Wilde Without the Boy

Gareth Armstrong, adapted from De Profundis by Oscar Wilde
Cahoots Theatre Company
Assembly Hall

Wilde Without the Boy

Gerard Logan becomes a very prissy and precise Oscar Wilde for an hour as he delivers an adaptation of De Profundis, the playwright’s letter to the love of his life, Bosie or more formally Lord Alfred Douglas.

This is basically a beautifully spoken lecture, broken by short dramatisations of Wilde’s trial that led to a two-year jail sentence for homosexuality.

The sadness of the tale endures, particularly over a century on, when the “love that dare not speak its name” is legal.

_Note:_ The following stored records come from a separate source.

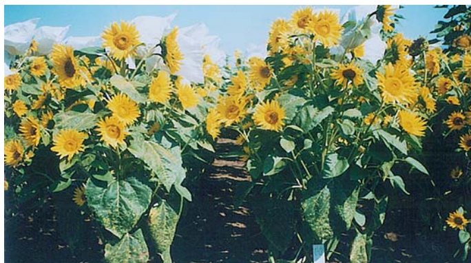
Figure 2: Mutant lines 99 R and 100 R

Lines 97 R, 99 R (Figure 2), 100 R (Figure 2) and 101 R, developed after treating the control line 381 R with ultra sounds at the dose of 25.5 \text{ W/cm}^2 for 1 min and line 98 R for 3 min showed increased plant height (6.5 cm to 23.3 cm), decreased length of branches (12.5 cm), decreased leaf size, increased number of branches with 11 and e. ts. (Encheva and Shindrova, 2011).
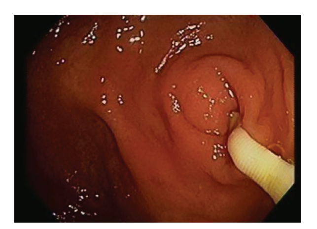
Figure 2. A segmented tapeworm.

The colonoscopic images revealed a segmented tapeworm showing contractile motility, approximately 12 cm long, 6 mm wide, attached inside the appendix. Mature D. latum can reach a maximum length of up to 25 m [1] consisting of a large number of segments called proglottids which are rectangular in shape, 3 - 5 mm long and 9 - 12 mm wide. D. latum infection can be caused by the ingestion of raw and undercooked fish. Humans are the main definitive host for D. latum. Most infected cases are asymptomatic, and about 40% may have vitamin B12 deficiency, but only 2% progress to anemia [8]. Prolonged D. latum infection usually causes vitamin B12 deficiency and megaloblastic anemia by parasite-mediated dissociation of the vitamin B12-intrinsic factor complex in the gut lumen making B12 unavailable to the host [9]. This can cause neurological damage to the host including central nervous system degenerative and peripheral neuropathy. Adult tapeworms are easily treated with praziquantel. A single dose of 25 mg/kg is highly effective against D. latum infection in humans [10]. The best prophylaxis is to avoid the consumption of raw or undercooked fish. It is uncommon of D. latum infection in humans, to present with chronic abdominal pain with iron deficiency anemia, especially in a non-endemic area as in this case. Physicians should be aware of this uncommon presentation, and
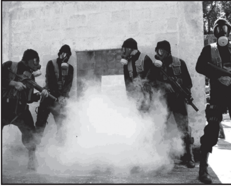
Top: The 1st Special Forces Battalion on an urban terrain counterterrorism training operation
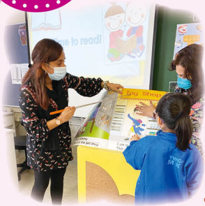
Where is Tom?
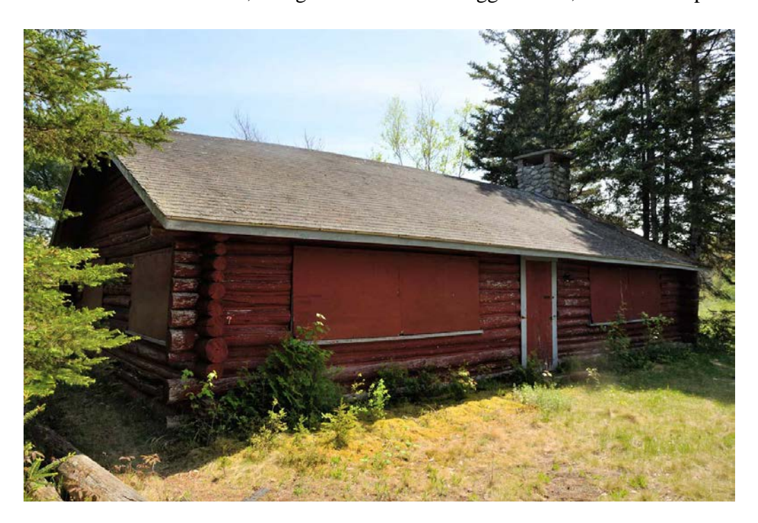
The now shuttered Dennys River Sportsman's Club

At the time, USFWS was undertaking a review of Atlantic salmon recovery efforts. One of the issues was to determine whether the Penobscot and Kennebec Rivers should be added to the recovery zone, or Distinct Population Segment (DPS). Not only did they force Maine to suspend the experimental fishing season due to too many fish being caught, they eventually added the Penobscot and Kennebec, along with the Androscoggin River, to the list of protected waters.
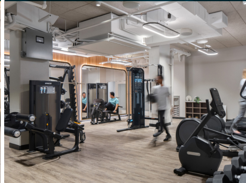
EXPANDED & RENOVATED FITNESS CENTER
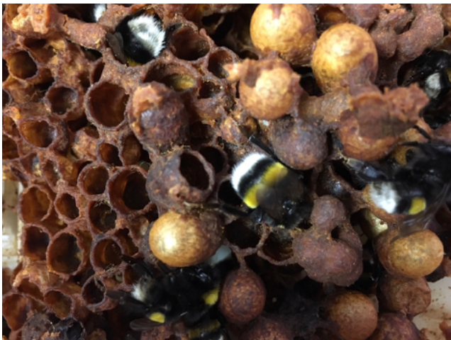
FIGURE 7. A Bombus Terrestris nest.

Why Bees? — There are two main reasons for such interest — firstly Bees, along with other colonial insects (such as termites and ants) display striking social organisation — that since ancient times they have provided powerful metaphors for human social structures. Secondly Bees have become a focus species in the public debate about the environment. Unfortunately the focus upon the threat to Bees; on Colony collapse and the subsequent effect on food production frequently masks the even wider issues of diminishing Bio-diversity in the face of industrial culture; agribusiness and climate change.
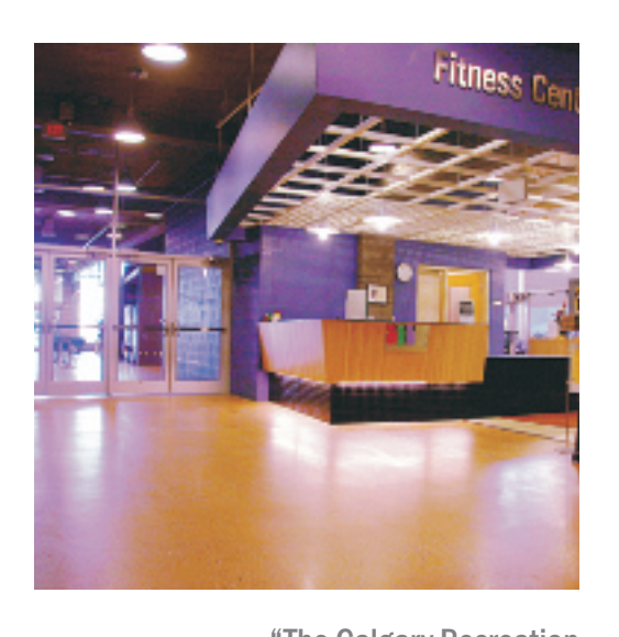
"The Calgary Recreation Center achieved LEED Gold certification with a Polished Concrete Floor System from FGS/PermaShine"

Faced with government mandates, building owners' demands, and increasingly expensive resources, building teams throughout North America are under pressure to build green. Efforts to mitigate the impact of growth by protecting the environment are having financial as well as social benefits. To participate in this movement, building teams need new design strategies and sustainable products to execute these designs.

From the letter, one discovers Wilde’s unshakable love for Bosie, which defies all reason, especially when its subject was consistently ungrateful, uncaring and unkind.

There is also a great sense of bewilderment, not only at this bad treatment but the loss of family, wealth and status that followed.

Under the direction of the piece’s adaptor, Gareth Armstrong, this solo show does exactly what viewers will expect, informing them of a devastating episode in a great writer’s life and demonstrating a fine actor’s prowess.

It even overcomes one of the city’s worst theatre spaces with poor sightlines and uncomfortable seating, and that is no mean achievement.